Stephanie Adams
Oct. 24th 2008 4:30 p.m.
The War in Iraq has taken a toll on their environment and will need years and years of work to be repaired. Much of the damaged was caused when factories were destroyed from bombings and the tearing down forests to keep the rebels from being able to hide from U.S. forces. There is contaminated sewage waste, trash from explosions and useless mines and bombs lying around.
Efforts have been made to clean up the environment but progress is slow. The United Nations Environment Program has helped to find the sites in Iraq that need the most help. The Iraq Environment Ministry has planted at least 17 million trees this year and with help from the Japanese, they have re-flooded around 55 percent of Iraq’s southern marshes. The marshes were drained by Saddam Hussein in efforts to make it easier to secure the Iraq border with Iran.

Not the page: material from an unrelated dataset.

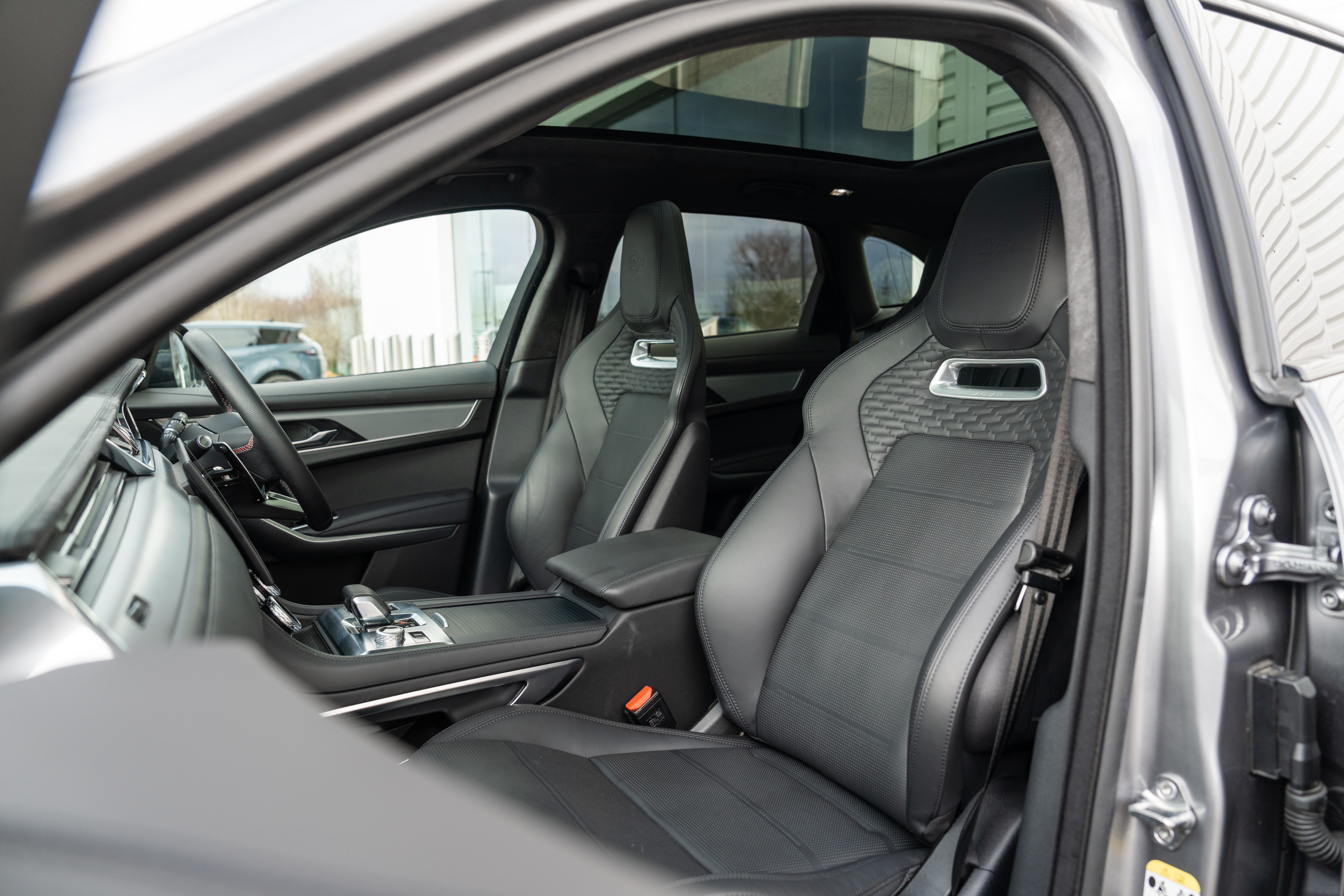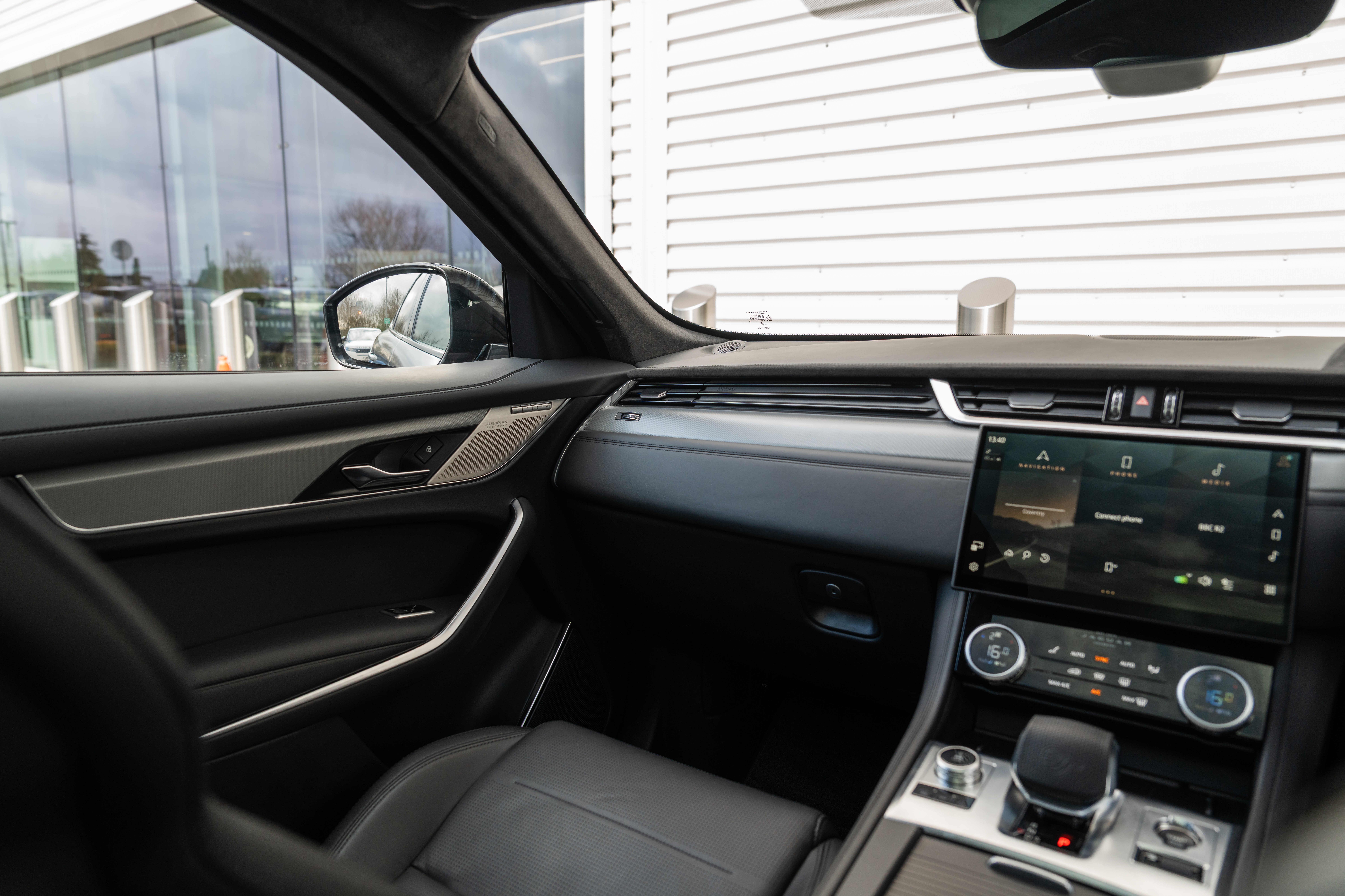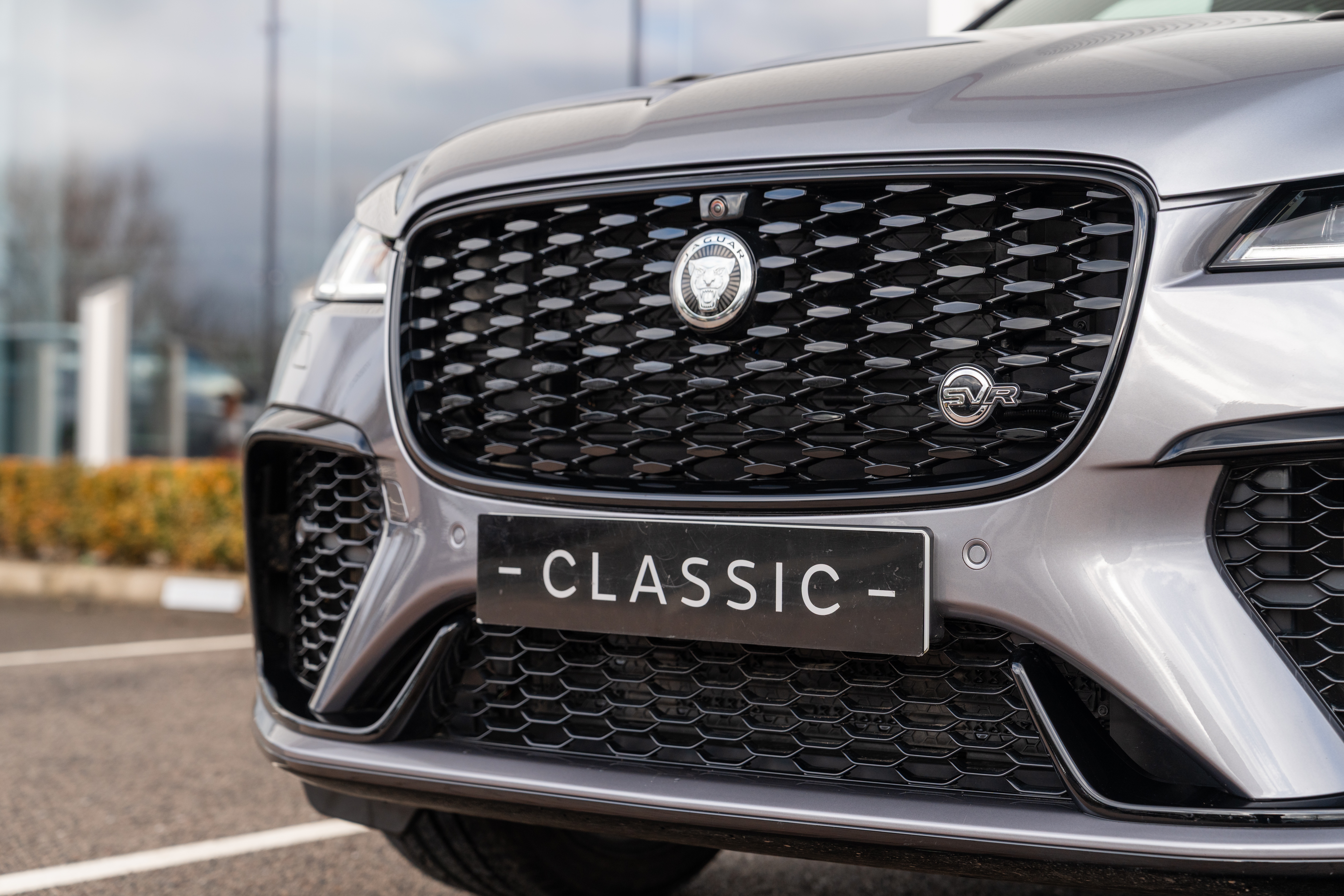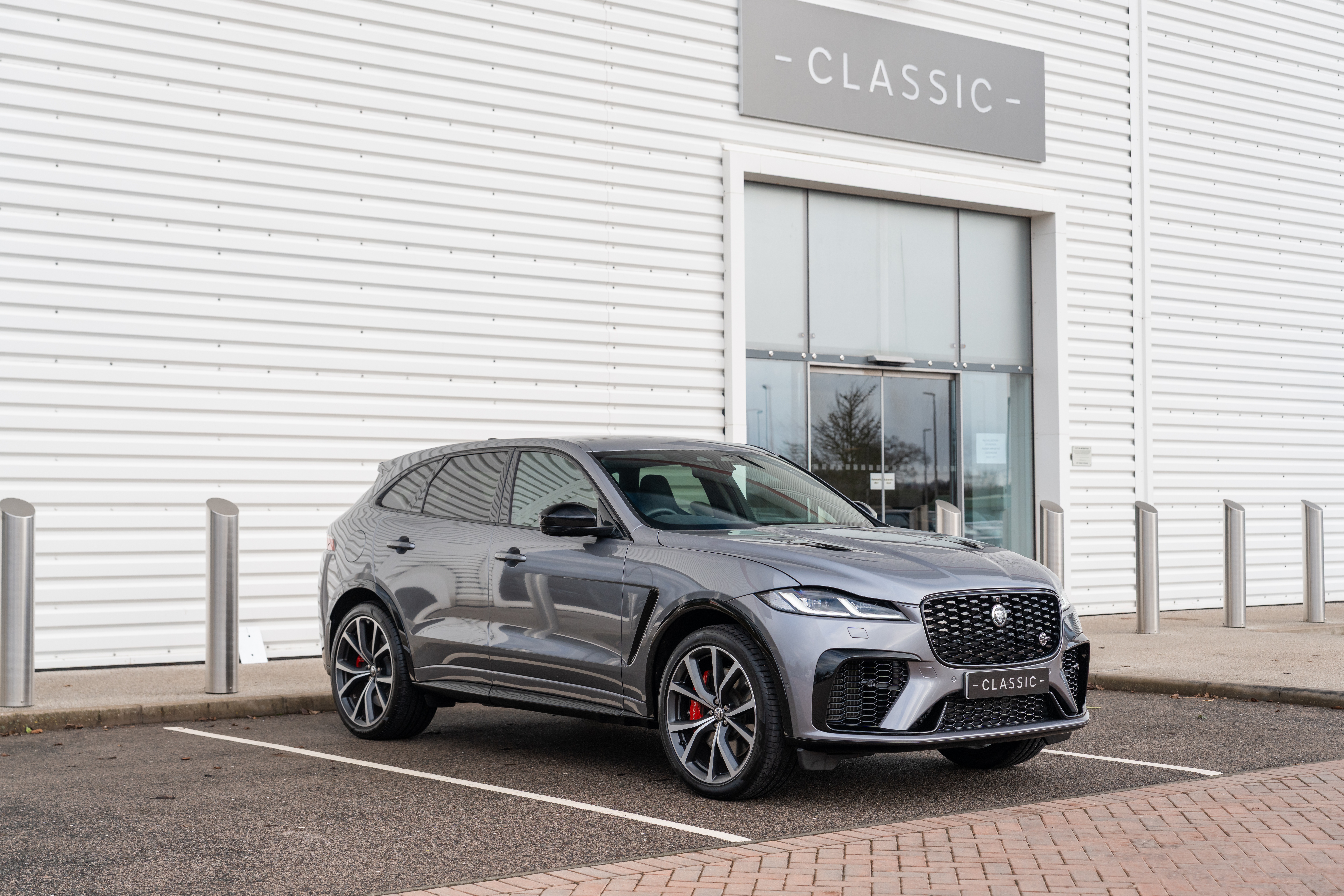 The F PACE SVR has performance at its heart, powered by Jaguar’s characterful 5.0 litre supercharged V8. The SVR 575 Edition, with its power increase of 25PS, to 575PS, makes it the most powerful F PACE ever, providing a unique blend of performance and excitement. With 700Nm of torque, it can accelerate from 0 60mph in just 3.8 seconds (0 100km/h in 4.0 seconds). The SVR 575 Edition benefits from unique SVR bodywork with a performance optimised front bumper, Black Exterior Pack with black grille surround and bonnet louvres, and SVR rear bumper with black detailing. The SVR 575 Edition also features 22 inch forged alloy wheels with Diamond Turned finish and Satin Technical Grey contrast. The car for sale here is finished in Eiger Grey with Ebony Windsor leather Performance seats. It has covered less than four thousand five hundred miles and has been part of the Jaguar fleet since new. It is available directly from Jaguar Classic, and comes with the balance of its three year warranty (until August 2027).

Nermeen Othman, head of the Iraqi Environmental Ministry, has expressed that the damage is actually worse than it sounds and has already increased the rates of cancer and infectious diseases in Iraq. One of the sites recently cleaned up was the Qadisiya chemical factory which was bombed in 2003 and left the surrounding area covered in toxic residues. The damaged sewage system has caused the contamination of 60 percent of Iraq’s fresh water. Othman expects the costs of repairs of the polluted sites to be billions of dollars. The idea that war causes such affects on the environment is one that should be obvious but is easily neglected. Othman projects the process of repair to take centuries.
http://www.theglobeandmail.com/servlet/story/RTGAM.20081024.wiraqenvir1024/BNStory/International/home
1 comment:
It's no surprise, whatever man touches it turns into loathsome decay, a testament of how destructive human capabilities are in terms of our ability to harness the world. What we create we can destroy as well.